While the key finding is the impact of the quantity on a substantive outcome, Table 5 also displays how linked social media and survey data can provide additional insights. In particular, respondents with a greater number of followers (in the Bing coded count model) are more likely to provide an “unhappy” response. This result deserves further exploration and is one that is only possible to identify using similarly linked data. Only two other variables show a significant relationship to the general happiness outcome. Controlling for both social media and other survey variables, women and those employed are also significantly more likely to give “unhappy” responses. The combination of results from both social media and survey data are suggestive of the varied analyses this type of data linkage can provide.

5 Discussion

Linked Twitter and survey data provide a novel data source that is greater than the sum of its parts. However, even after respondents have given their consent and provided Twitter usernames, it is important to understand the analytical limitations. Recent research exploring Reddit social media data similarly points out the importance of understanding the data, and that differences in amounts of data can impact analyses (Amaya et al. [2]). We expand on these ideas by linking Twitter data from survey respondents directly to their survey responses and provide initial evidence on the impact the amount of data collected from Twitter can have on analyses of these linked data. We find some consenters may post nothing, others may post but make their data private, while others may have plenty of posts available for analysis. We note that this is an advantage of the linked approach: a sample directly from the Twitter API is a sample of tweets and therefore misses out those people who do not post. By linking to survey data, we also know who does not post, and can possibly account for it.
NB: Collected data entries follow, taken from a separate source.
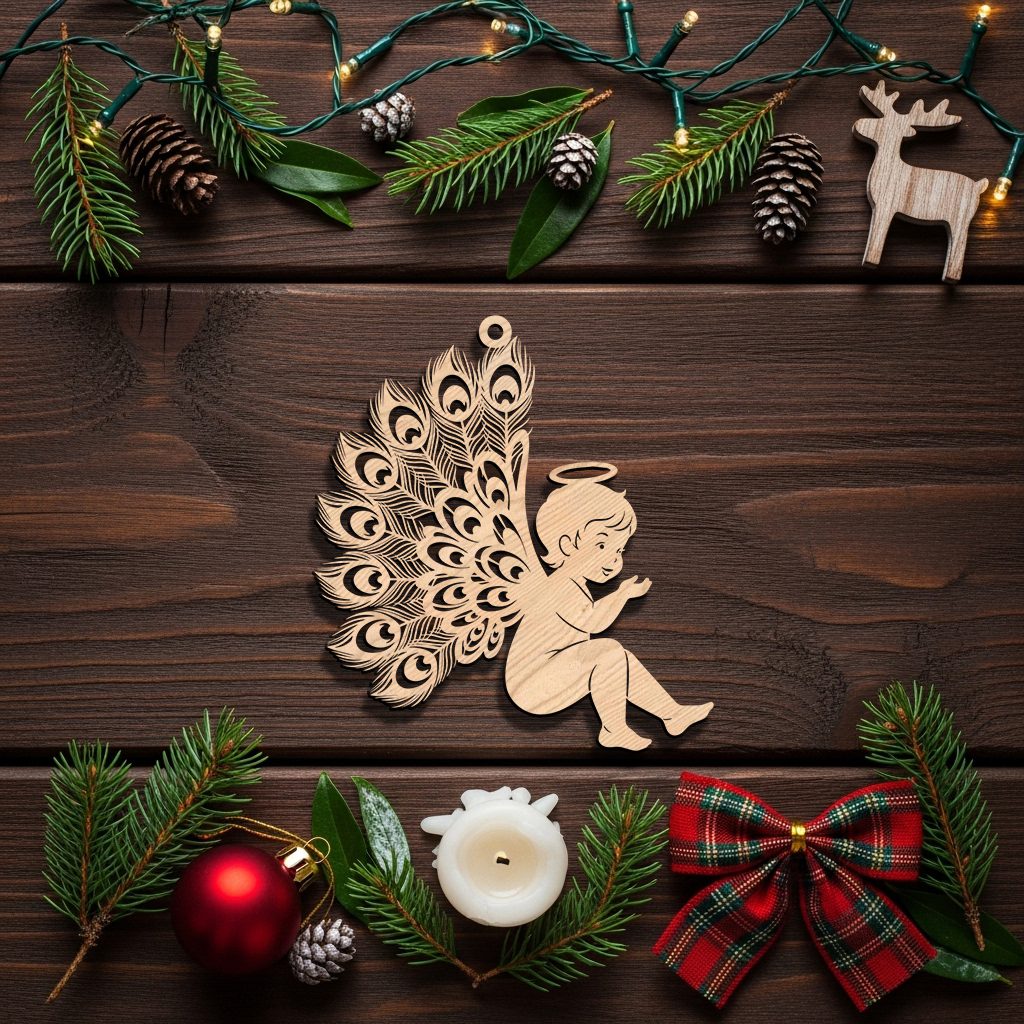 Angel Ornament Digital File, Cherub Silhouette Holiday Decor, Christmas Laser Design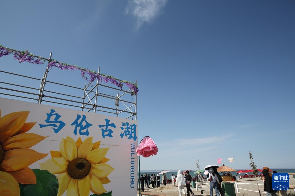 9月8日,游客参观了新疆阿尔泰县富海县的乌龙湖金沙海滩风景区。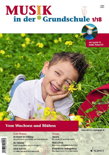 THEMA: Vom Wachsen und BlühenMeinhard Ansohn: Vom Wachsen und Blühen - Klasse 1-6DER AKTUELLE HITFriedrich Neumann: Havana - Klasse 4-6DER AKTUELLE HITBettina Ohligschläger, Munja Wuschovius: Fight Song - Klasse 5-6MATERIALKISTEFrigga Schnelle: Noten lernen leicht gemacht - Klasse 3-6MINIKLASSIKFrigga Schnelle, Anastasia Schönfeld: Antonio Vivaldi: Der Frühling (zum Thema) - Klasse 1-6SINGENHeinrich Herlyn: Gut geniest ist halb gesungen (zum Thema) - Klasse 3-6EXPERIMENTIEREN MIT MUSIKPetra Hügel: Kinderleichte Liedbegleitung - Klasse 2-6GROSSE UND KLEINE ANLÄSSEMarion E. Bücher-Herbst: Luther - Gott ist Liebe - Klasse 3-6MAGAZINNeuesSchott-ShopFortbildungenRezensionenAutorInnenImpressumAudio: Afrique Tango Da kommt der FrühlingDa kommt der Frühling - PlaybackThe First Garden Havana - AusschnittRumba - Spielsatz Fight Song Der Frühling - aus: Die vier JahreszeitenJakob Hatschie Jakob Hatschie - PlaybackHatschi-Hatschi-Aha Hatschi-Hatschi-Aha - Playback Old MacDonald had a FarmOld MacDonald had a Farm - Playback Wenn der Frühling kommtWenn der Frühling kommt - Playback Chor der ArmenChor der Armen - PlaybackZahlen-Blues Zahlen-Blues - Playback Läster Rap - PlaybackGott ist Liebe Gott ist Liebe - PlaybackVideo: Fight Song - TanzWechselwischer einfach (1) Wechselwischer doppelt (2) Wechselwischer Dreitakt I (3) Wechselwischer Dreitakt II (4)PDF: Der Frühling - Sonett (AB 3) Methodische Hinweise Hatschi-Hatschi-Aha - hochdeutscher Text (AB 2) Chor der Armen - Klavierbegleitung (AB 1) Zahlen-Blues - Klavierbegleitung (AB 2) Gott ist Liebe - Klavierbegleitung (AB 3)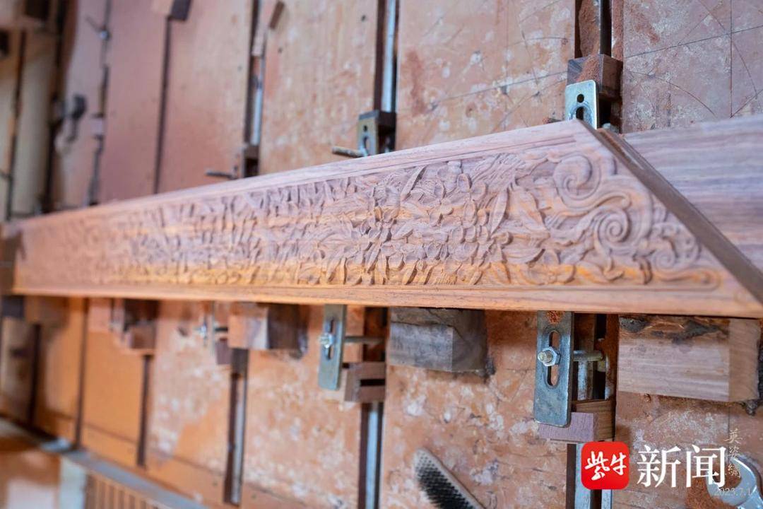 苏绣背后,还有明式家具制作技艺这项非遗加持。装框后的刺绣插屏整体长10.2米、高3.6米、厚1.2米。红花梨框架装裱,由国家级非物质文化遗产代表性传承人许建平设计雕刻花样。江苏省工艺美术名人、苏州明仕阁创始人史忠明先生和史志晔团队用时150多个日夜制成。框架上方边框上浅雕桂花纹样,中间莲花花瓣点缀,下方九只如意,两侧雕有园林小景。绣桂花,雕桂花,量身定制的红木框使作品整体更加协调精美、大气端庄。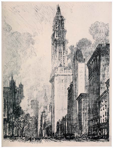 Here is a moody colossus—sometimes it is fine, sometimes filthy. It was all right the day I made this drawing, stately amid the clouds. One thing it has done—it has made a new sky line and brought New York together again. It comes up best from the river, but no longer do the Brooklyn river-boats run; from them I used to get the best views. Still, there are other ways of seeing the Wonder of Work even now at New York.
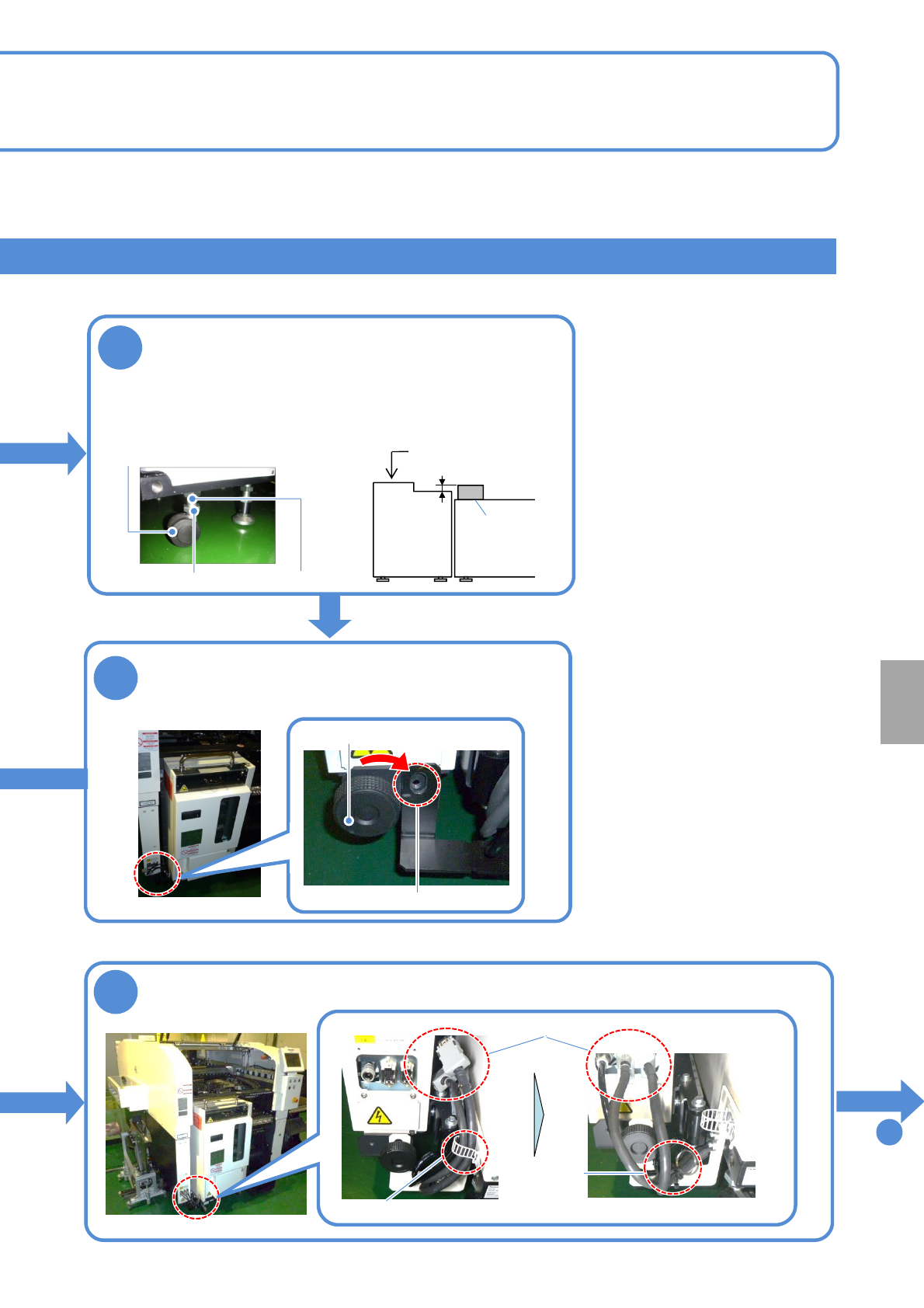NPM- TT2 EJM1EE-MB-14 M-02 14-8 -4 Installation 4 Adjust the height 1. Loose n the lock nuts. 2. Adjust the height using the adjustment nuts. 3. Tighten the lock nuts. Tray feeder Mult- recognition camera ● Adjust the he…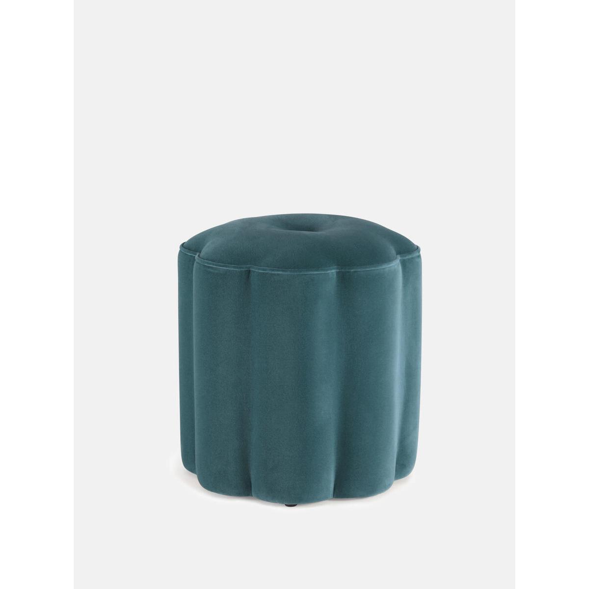 We use footstools in every room in the Houses because they'recompact and versatile, doubling up as extra seating for guests, or,with a tray on top, as a side table. With its petal-shaped seat,this velvet footstool is a contemporary take on the fringed designsseen at Kettner's in Soho. Flower-shaped stool with velvet upholstery. Covered-button detail on seat. Oak frame and legs. Inspired by the footstools seen at Kettner's Soho.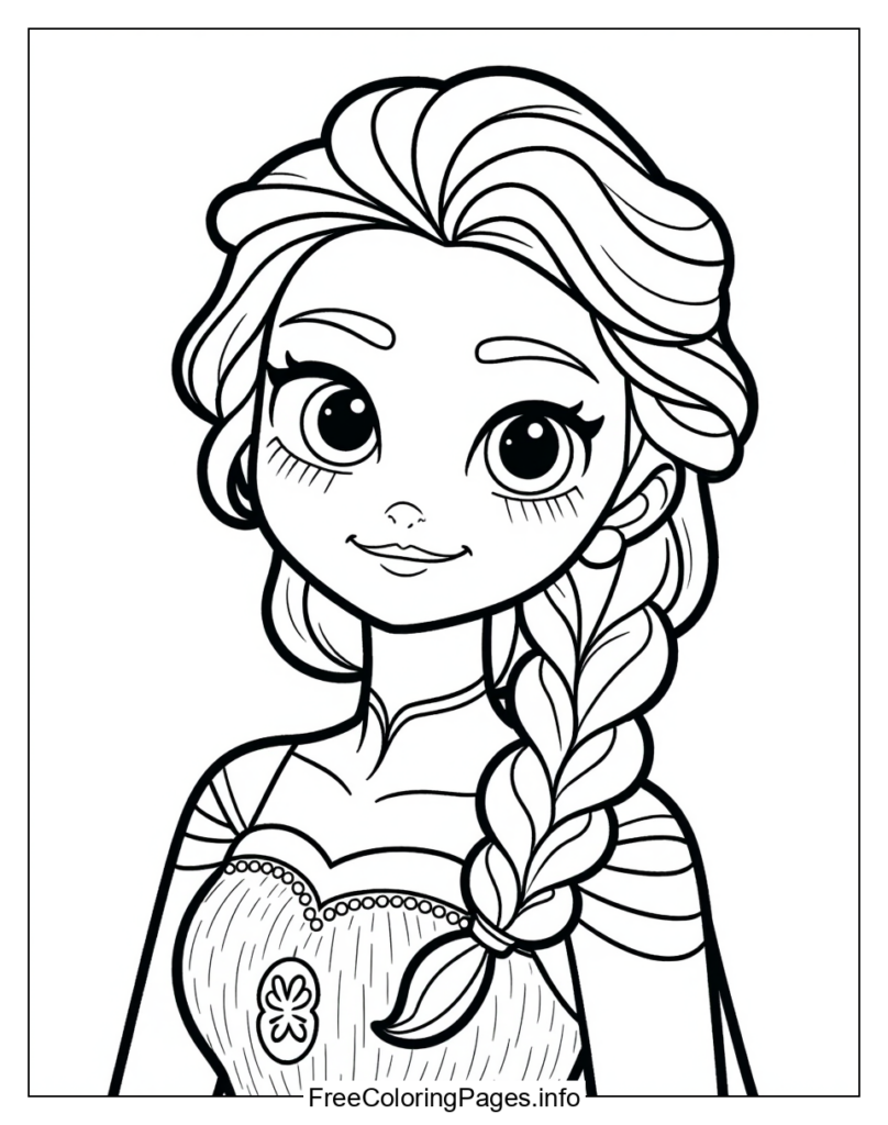 • 1. Color her dress in a vibrant, bright blue, and add some subtle shading around her eyes to create depth.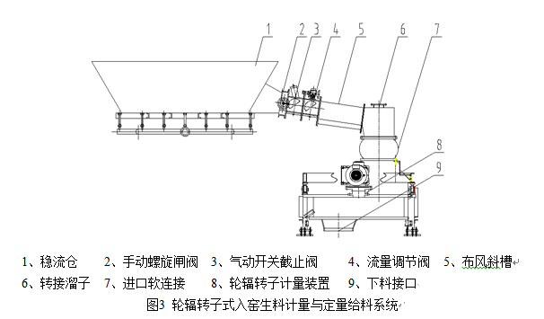 存儲(chǔ)在穩(wěn)流倉(cāng)1中的生料粉在倉(cāng)底充氣助卸并結(jié)合倉(cāng)側(cè)充氣破拱的幫助下卸出,通過(guò)手動(dòng)螺旋閘閥2、氣動(dòng)開(kāi)關(guān)截止閥3、流量調(diào)節(jié)閥4和布風(fēng)斜槽5組成的預(yù)給料系統(tǒng)進(jìn)入輪輻轉(zhuǎn)子計(jì)量裝置8,生料粉在輪輻轉(zhuǎn)子的帶動(dòng)下,由進(jìn)料點(diǎn)經(jīng)過(guò)稱重區(qū)帶到出料點(diǎn)9,進(jìn)入下級(jí)輸送裝置(圖3所示)。采用預(yù)給料的粗調(diào)環(huán)節(jié),串級(jí)一個(gè)定量計(jì)量的精調(diào)環(huán)節(jié),將計(jì)量與控制在輸出時(shí)合二為一的雙閉環(huán)調(diào)節(jié)系統(tǒng),提高了系統(tǒng)的計(jì)量精度和穩(wěn)定性。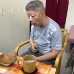 くつろぎカフェへの招待チケットを支援員に手渡し、お菓子とジュースを美味しそうに召し上がっていました🫖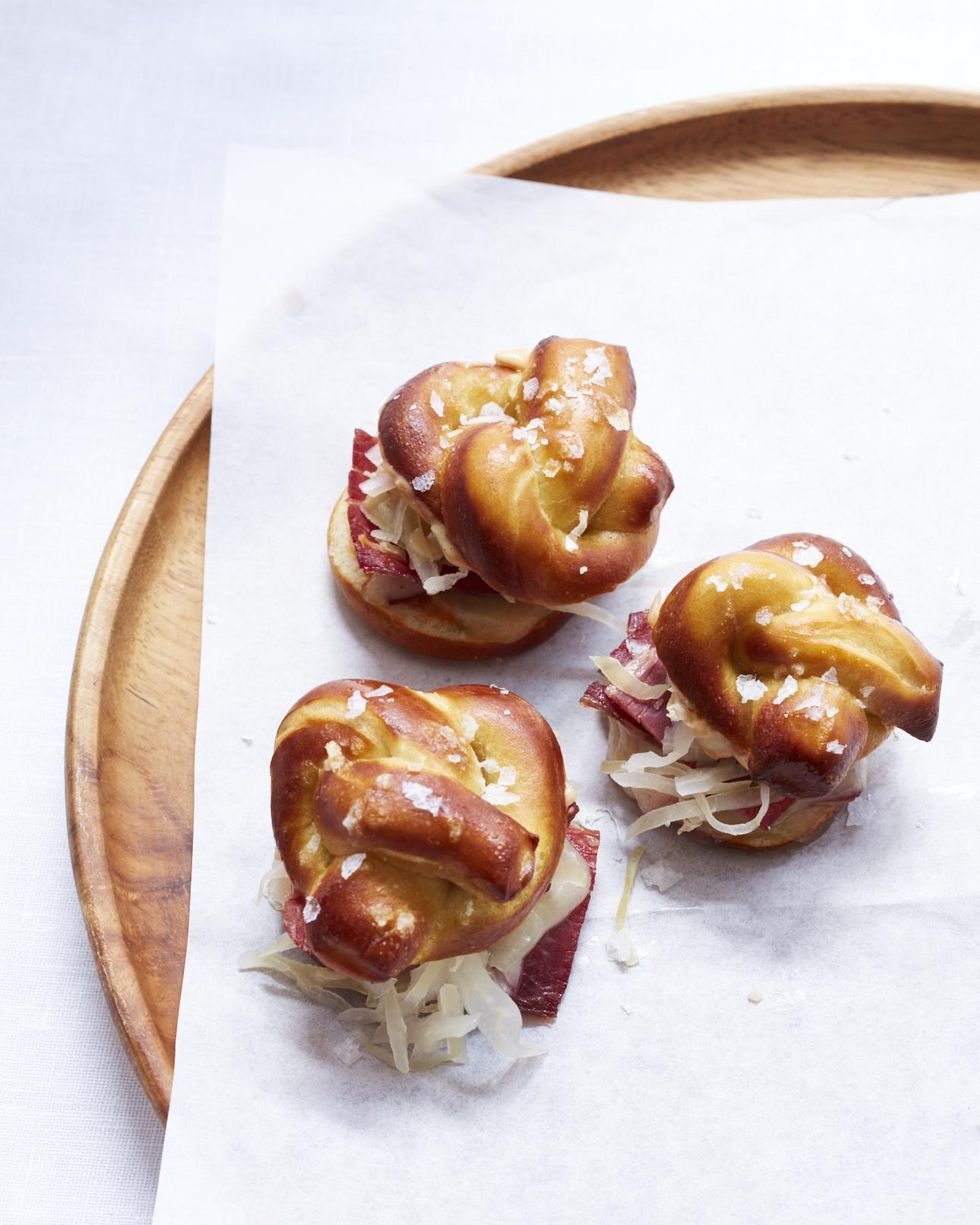 Mini Reuben Pretzel Sandwiches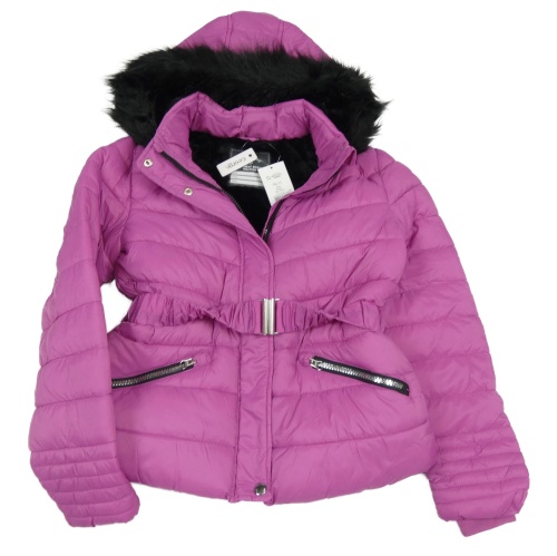 Nové - tmavorůžová prošívaná šusťáková zimní bunda s kapucí s kožešinou a páskem George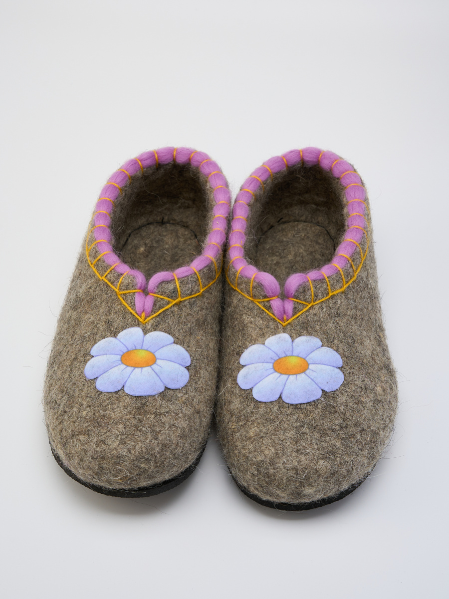 Тапочки женские "Ромашки" изготовлены из 100% овечьей шерсти.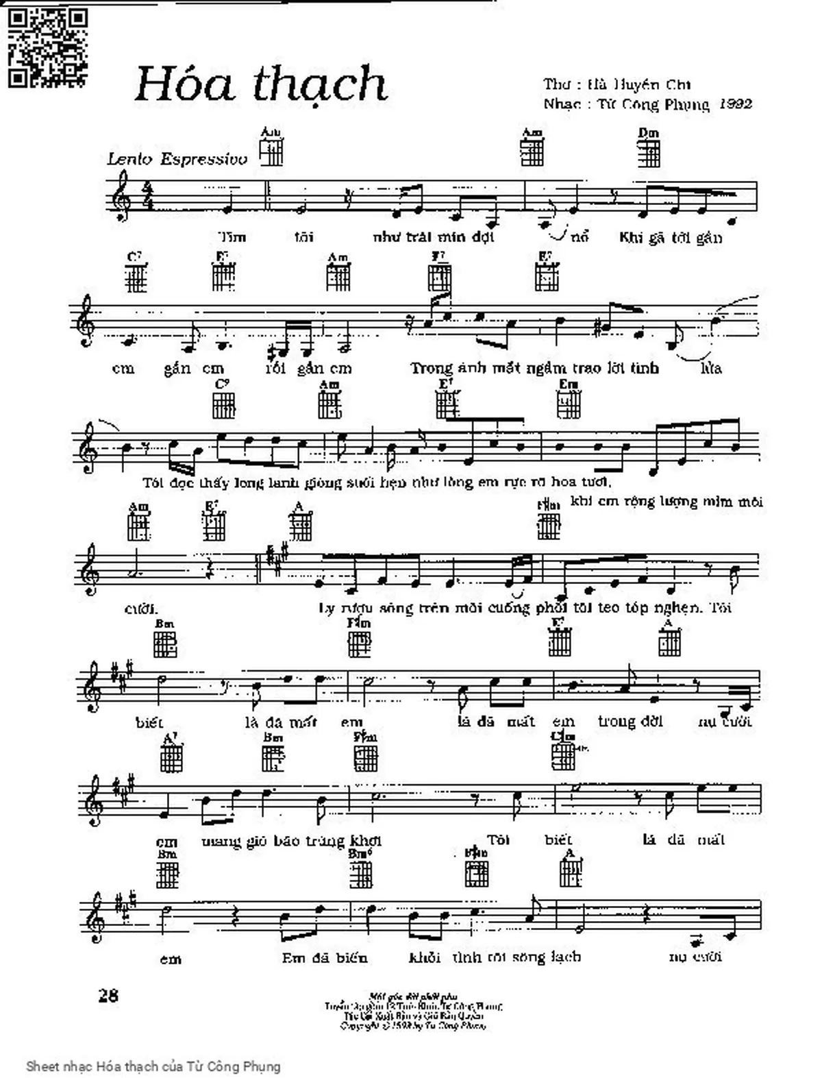 Chọn nút dấu + để tăng tông lên nửa cung, nút dấu - để giảm tông xuống nửa cung. Rê chuột vào hợp âm để xem các thế bấm hợp âm của bài hát Hóa thạch.

Our research focuses on the nature of linked survey and social media in regard to the differences in the amount of data created by respondents posting on Twitter. In particular, we explore whether the variation in data obtained from survey respondents’ Twitter account is related to individual characteristics and whether such variation can impact analyses of linked data. On both counts, the results illustrate important outcomes that should be considered by researchers using this methodology. The amount posted varies greatly, as do the number of friends and followers on the site. A strong positive relationship exists between the number of followers and posting behavior, although the directionality of this relationship needs further exploration. Importantly, the analyses provide some evidence that differences in content production are related to gender and educational attainment, but not to other important covariates. Given the finding that women and less educated individuals may post less (at least in the IP), there is a need for further exploration about the impact this may have when using the linked data in substantive research. As much research using Twitter is concerned with volume of content (e.g. to see what is ‘trending’), this paper has demonstrated that some demographic groups may be under-represented in such studies as they tweet less.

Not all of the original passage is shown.